The IMF loan was repaid far ahead of schedule, and the reforms demanded by the IMF, while not going so far as to permanently shake the influence of the major conglomerates, cleared the slate for the construction of a postindustrial economy. This economy would be built largely on information technologies that turned South Korea into the most wired country in the world. Some of the same technological, social, and cultural factors converged to transform South Korea quickly into one of the most wire-
less
countries as well, as much of social interaction came to be centered
on the mobile phone. Such a revival corresponded, in the political arena, also to a fundamentally different approach to the relationship with North Korea. The famed “Sunshine Policy” of President Kim Dae Jung, who won election in late 1997 with the slimmest of victory margins and promptly shepherded the country through the economic crisis, sought to engage the North through a focus on reconciliation and assistance. This shift led to the historical summit meeting in Pyongyang in the summer of 2000 between Kim Dae Jung and Kim Jong Il.
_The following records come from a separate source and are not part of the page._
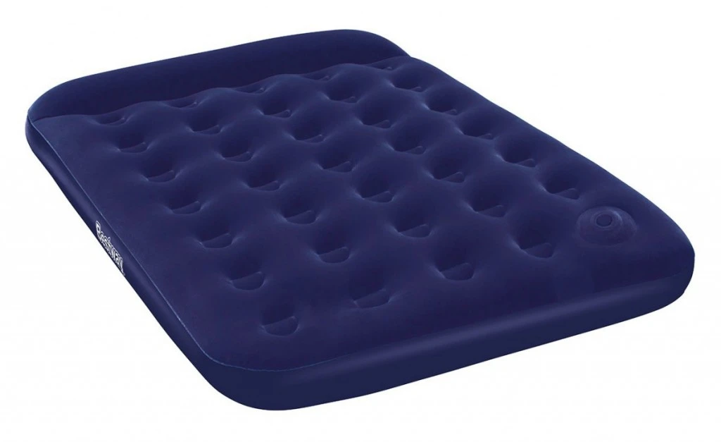 Nagyméretű felfújható csúcsminőségű matrac kék színben, beépített párnával, velúr borítású fekvőfelülettel, oldal fallal, kül- és beltéri használatra.
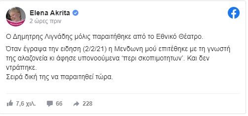 Η Έλενα Ακρίτα είχε γράψει συγκεκριμένα: “Η Λίνα Μενδώνη ζήτησε την παραίτηση του καλλιτεχνικού διευθυντή του Εθνικού Θεατρου Δημήτρη Λιγνάδη, σύμφωνα με αξιόπιστες δημοσιογραφικές πηγές. Θα παρακαλούσα να μη γίνουν εικασίες γύρω από τους λόγους της παραίτησης. Επισήμως ακόμα τίποτα δεν είναι γνωστό”.
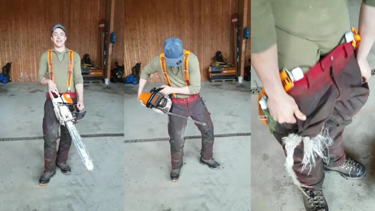 Deze Duitser laat zien hoe veilig een zaagbroek is. Zijn been ligt er niet af, dus een prima broekje. Toch?
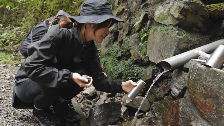 川の音を聞きながら登っていくと、次に現れたのは湧き水スポット。コーヒーソムリエの資格を持つ美山さん、休憩の時にコーヒを入れたいとのことで、こちらの水をゲット。さらに先へと進みます。
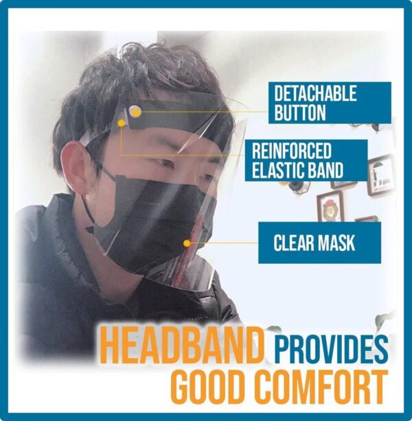 Full-Cover Anti-virrus Face Shield with HD optical view effectively prevents droplet infections via nose, mouth and eyes while ensuring a clear sight.
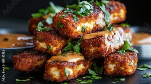 An enticing arrangement of fried tofu stacks garnished with fresh herbs and drizzled with a creamy sauce, offering a delicious and satisfying dish for any meal.
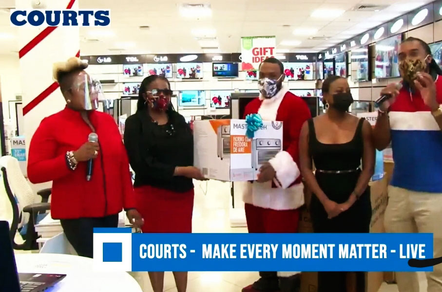 PRESS RELEASE — Castries, St. Lucia, 26-12-2020: Unicomer (Saint Lucia) Limited made this holiday season memorable for several of their loyal customers. Unsuspecting customers were contacted on December 23rd after submitting their wish lists online via the Courts Facebook and Instagram pages. The pleasantly surprised patrons were presented with their Courts’ wish list items in store, while being serenaded to by locally renowned vocalist Michael Robinson.
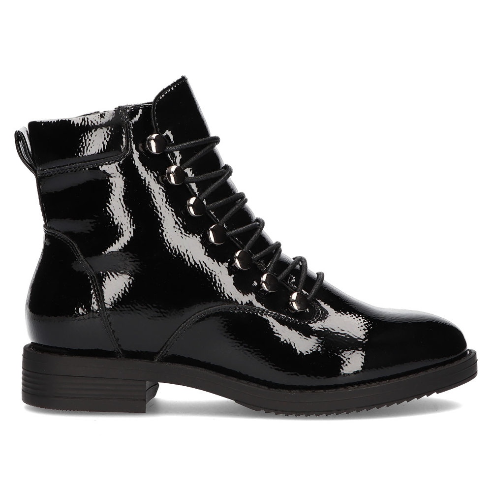 Dragkedjan och snörningsdetaljerna är praktiska element som gör att du enkelt kan anpassa stövlarna efter dina behov. Den lackade finishen ger dem en elegant stil, och den tidlösa svarta färgen passar både avslappnade och mer formella stilar.
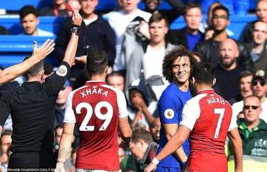 Chelsea defender David Luiz was sent off for an ugly foul on Sead Kolasinac as Arsenal finally emerged unscathed from a trip to Chelsea with a 0-0 draw against the champions on Sunday.
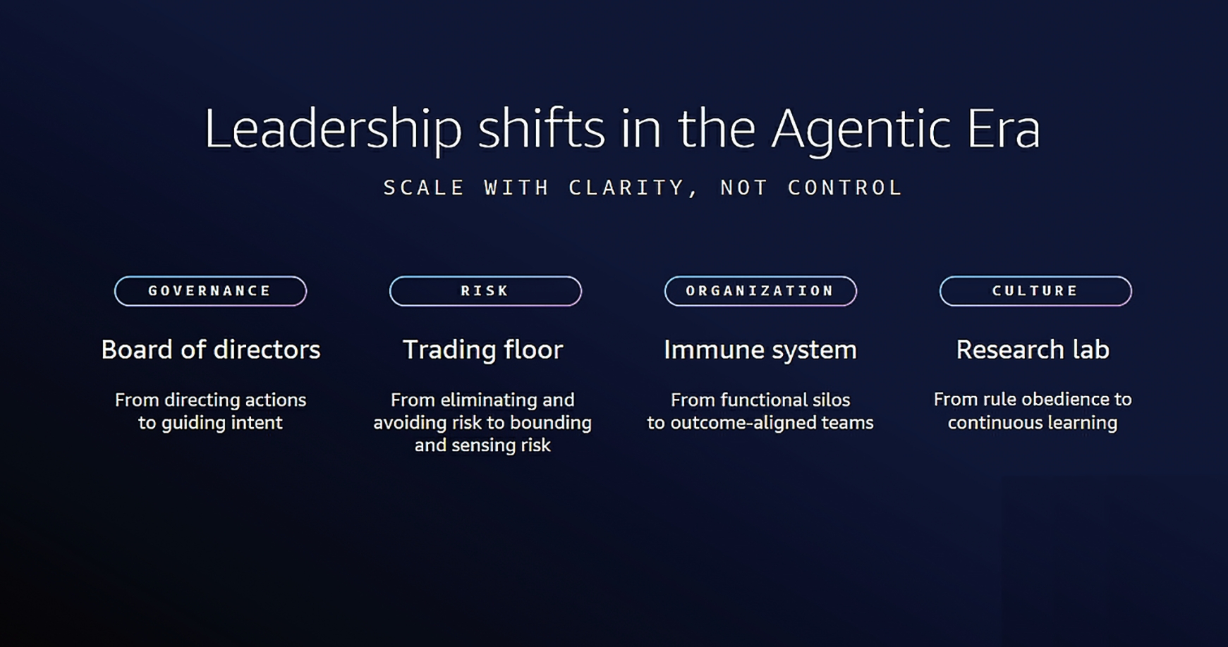 传统的治理如同收费站(Toll Gates),通过定义流程、控制每一步、清单验证实现合规。但当面对数千个高频互动的Agents时,这种模式会彻底崩塌。取代它的,是像董事会管理CEO一样管理Agent。

It was discovered later that this agreement had included a massive, secret payment of direct aid to the Northern regime. This revelation tainted the historical judgment on these efforts as well as on Kim Dae Jung’s Nobel Peace Prize, which he won later that year partly as a result of the Sunshine Policy. But despite these setbacks, symbolically the summit signaled an array of changes in South Korea as the country reemerged from the financial crisis to face the new millennium.